Look through the records, and wherever the string "which" turns up, copy out that line.

(Source data begins)

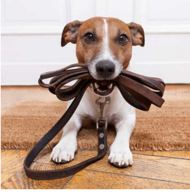
I'm Just a Dog Walker
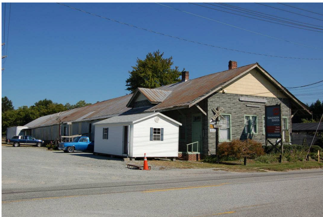
Carolina and Yadkin River Railroad Depot, 215 Randolph Street
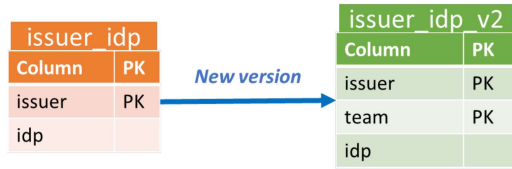
Figure 1: Previous and new version of issuer_idp

To maintain data integrity, each row of “issuer_idp” must be migrated to “issuer_idp_v2”, adding the appropriate value for column ‘team’ to complete each row. Values of column ‘team’ must be obtained from table “idp” as it is displayed in Figure 2.
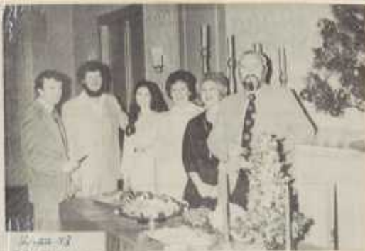
18 - The Most Joyous: Aurry Community College family members
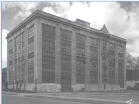
1923 St. Paul Vocational High School at Jackson and 14th Streets.
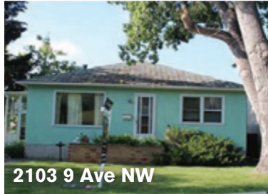
2103 9 Ave NW

MLS #C4149499. Amazing value for this attractive 2 story home in a prime Briar Hill location. Solid construction, timeless style, amazing landscaping with providing 5 bedrooms and a 3 car garage. Listed Price $1,599,900
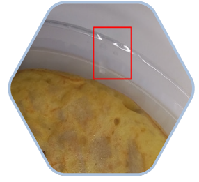
Bubbles in the heat-sealing
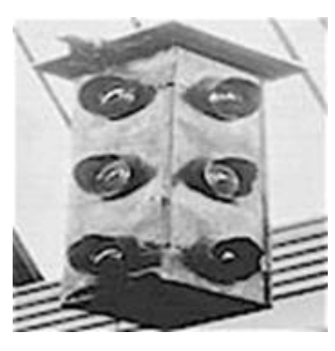
A14: Detroit, Michigan in 1919. Two years later they experimented with synchronized lights.
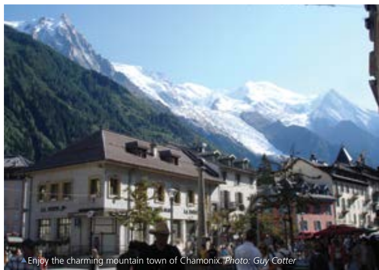
▲Enjoy the charming mountain town of Chamonix.
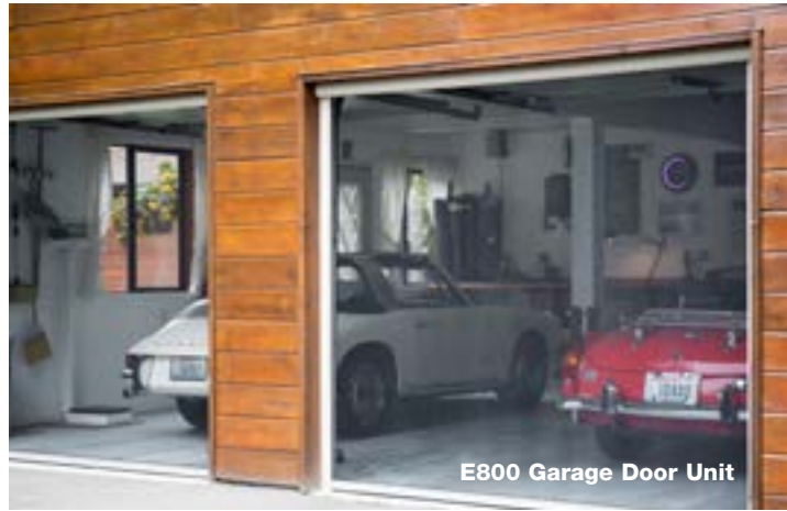
E800 Garage Door Unit

* Size limitations on Solar Control Next 5. See store associate for details.
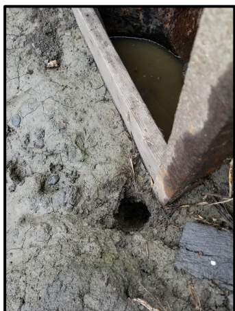
Figure 2. Leak near outlet caused by crayfish.

Fix leaks. Leaks around outlet boxes or in levees can result in significant water loss. These leaks can be caused by water erosion, crayfish, or rodents. Fields should be routinely monitored for such leaks and leaks repaired.
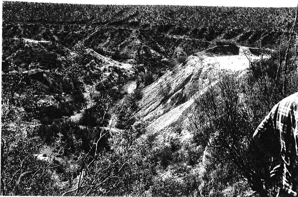
4/5/1992 SPENCER CHEMICAL DIATOMITE- SOUTHERN PIT AZ MILS PINAL 762
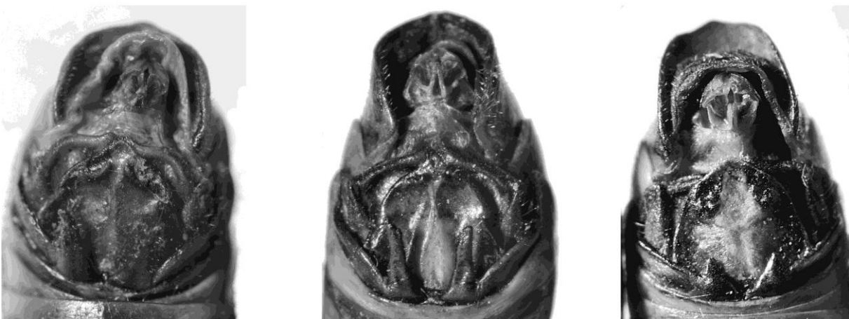
Figure 4. Abdominal apex of male: Peripodisma ceraunii (left), P. Ilofizii (middle) and P. tymphii (right).
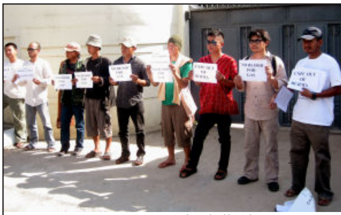
Protest in Thailand
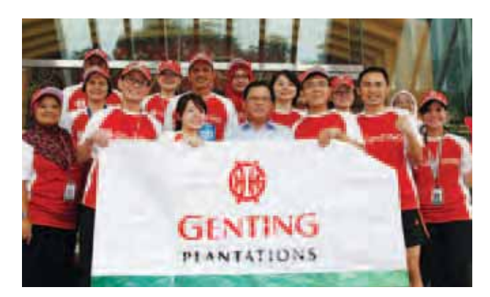
Participants of Bursa Malaysia's annual charity run
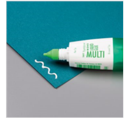
Multipurpose Liquid Glue - 110755
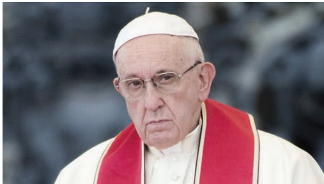
Pope rejected death penalty and said, "Let us take responsibility for the past and recognize that the imposition of the death penalty was dictated by a mentality more legalistic than Christian."
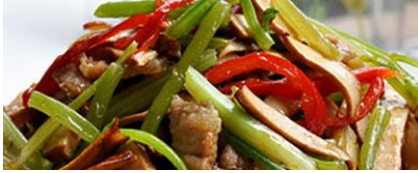
SHREDDED PORK W/BEAN CURD & CELERY 香干芹菜肉丝 19.95 / 21.95
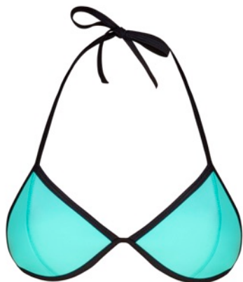
3. MIRANDA – OASIS

Description: 100% neoprene triangle halter top
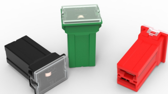
PAL Fuses - 2938 Series
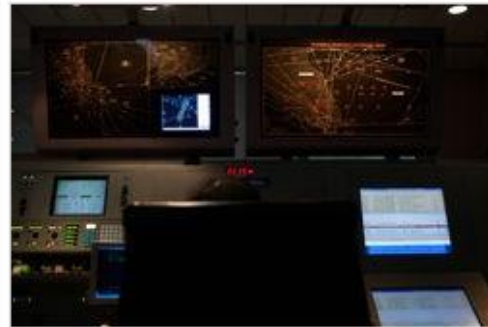
Consoles and radar screens used by the ATCOs at SATCC.
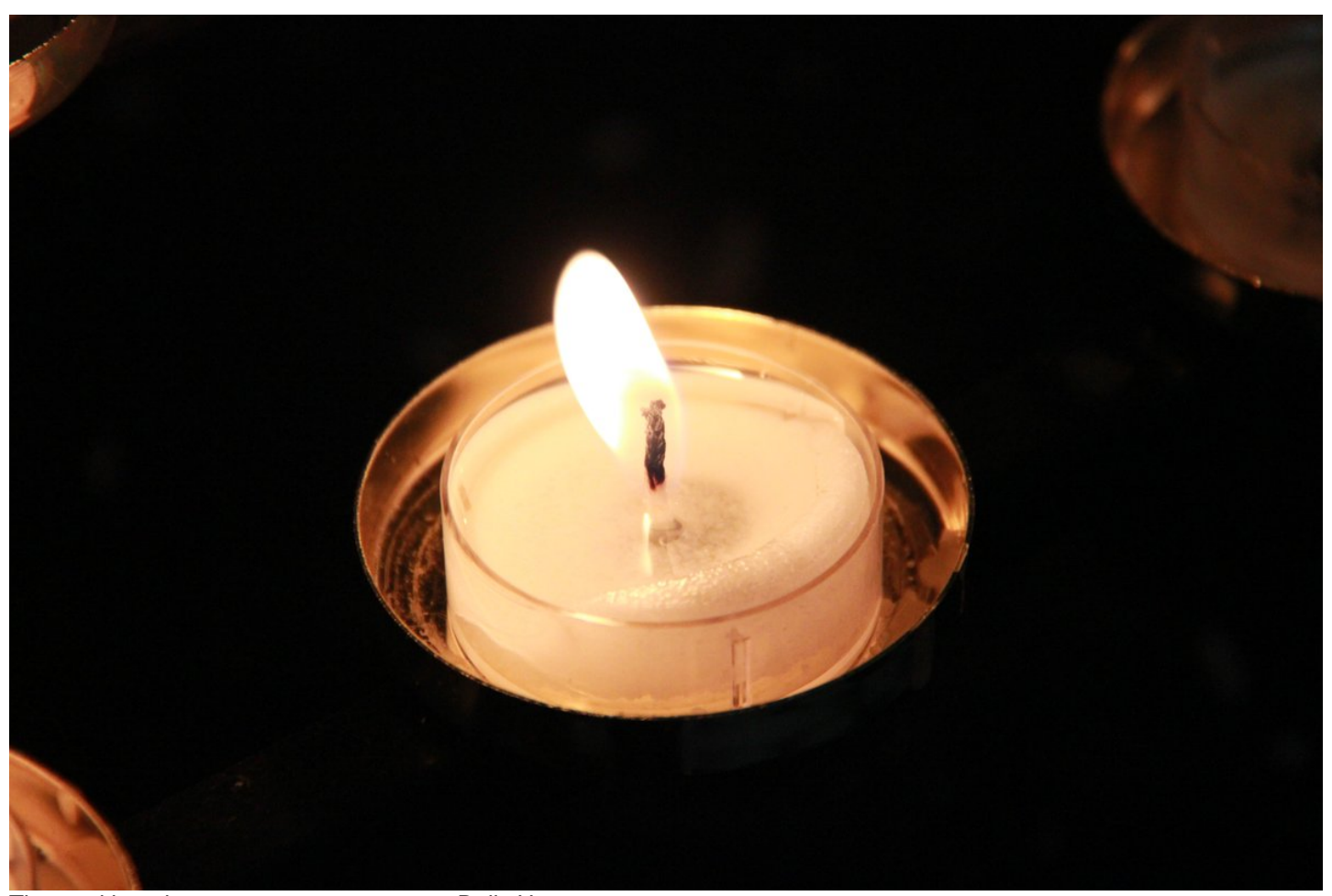
Those without internet access can access Daily Hope.

From prayers, services, reflections and music, our free phone line is available 24/7 on 0800 804 8044.
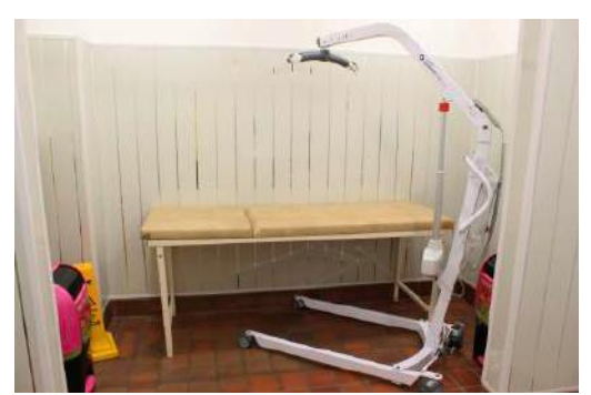
Adult changing facility

Access to the two disabled toilets is by a 92cm wide door with forward transfer to the WC – this may be awkward for some wheelchair users, and may require further assistance. There is sufficient turning space at the entrance to the facility and a horizontal rail on the rear of the door.
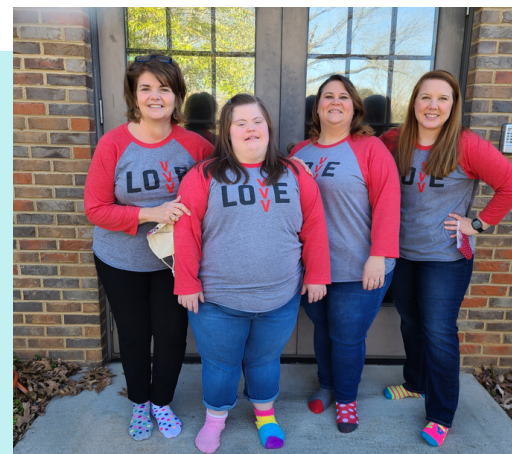
The Shelbyville Family and Community Education (FCE) Club stopped by this past fall to donate several hand-crafted fidget blankets for CCA and EI children. We are so grateful for their generosity!

Pull out your calendars and get ready to celebrate! March 21st, 2023 is World Down Syndrome Day. Established in 2006, this special holiday is meant to highlight and promote awareness of Down Syndrome, a condition in which individuals have an extra, or third, copy of chromosome 21.
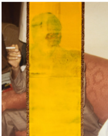
Alanna Fields, Still Ain't Studdin You , 2019, from the series Audacity

Acheampong: In your artist statement for Audacity , you write about “looking closely at embodiments of masculinity and femininity through aesthetic posture and gesture.” How do you decide which gestures to make your centerpieces? I saw a lot of hands; I saw a lot of body parts that maybe aren’t the most obvious ones people think of when thinking through sexuality or sexual expression.
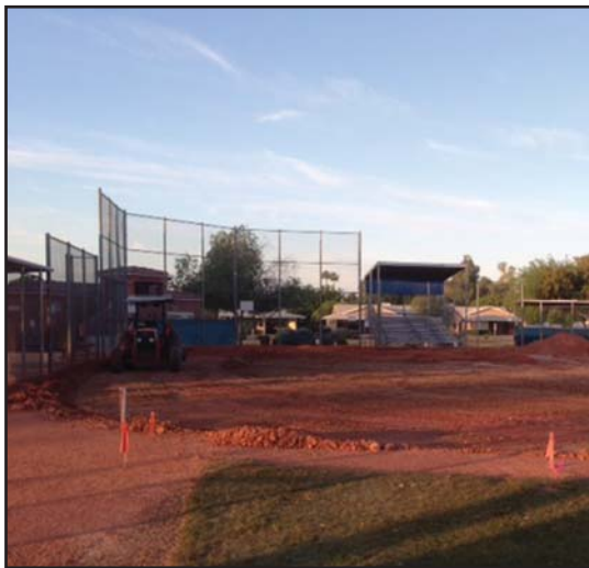
Sun Bowl Ball Field Renovations

Sign up for RCSC News Alert Emails at www.sunaz.com for the latest updates.
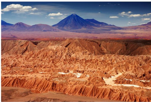
Atacama desert covering Chile and Peru (is the driest place in South America)
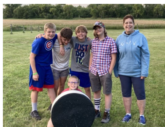
Our Middle School youth enjoying a week at LOMC.
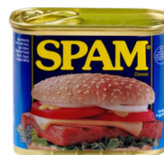
SPAM REDUCED SALT 12/12 OZ #039242
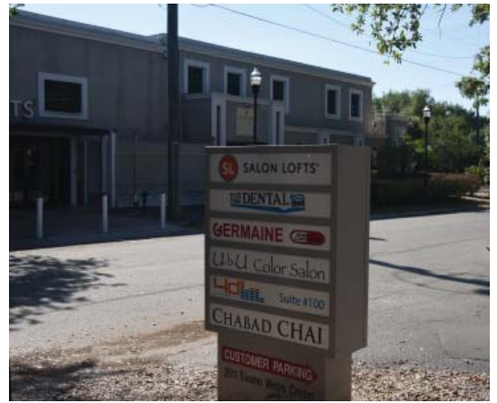
View of Parking Directory from Tampania

(Source data ends)

**Answer area:**
Pull out your calendars and get ready to celebrate! March 21st, 2023 is World Down Syndrome Day. Established in 2006, this special holiday is meant to highlight and promote awareness of Down Syndrome, a condition in which individuals have an extra, or third, copy of chromosome 21.
Acheampong: In your artist statement for Audacity , you write about “looking closely at embodiments of masculinity and femininity through aesthetic posture and gesture.” How do you decide which gestures to make your centerpieces? I saw a lot of hands; I saw a lot of body parts that maybe aren’t the most obvious ones people think of when thinking through sexuality or sexual expression.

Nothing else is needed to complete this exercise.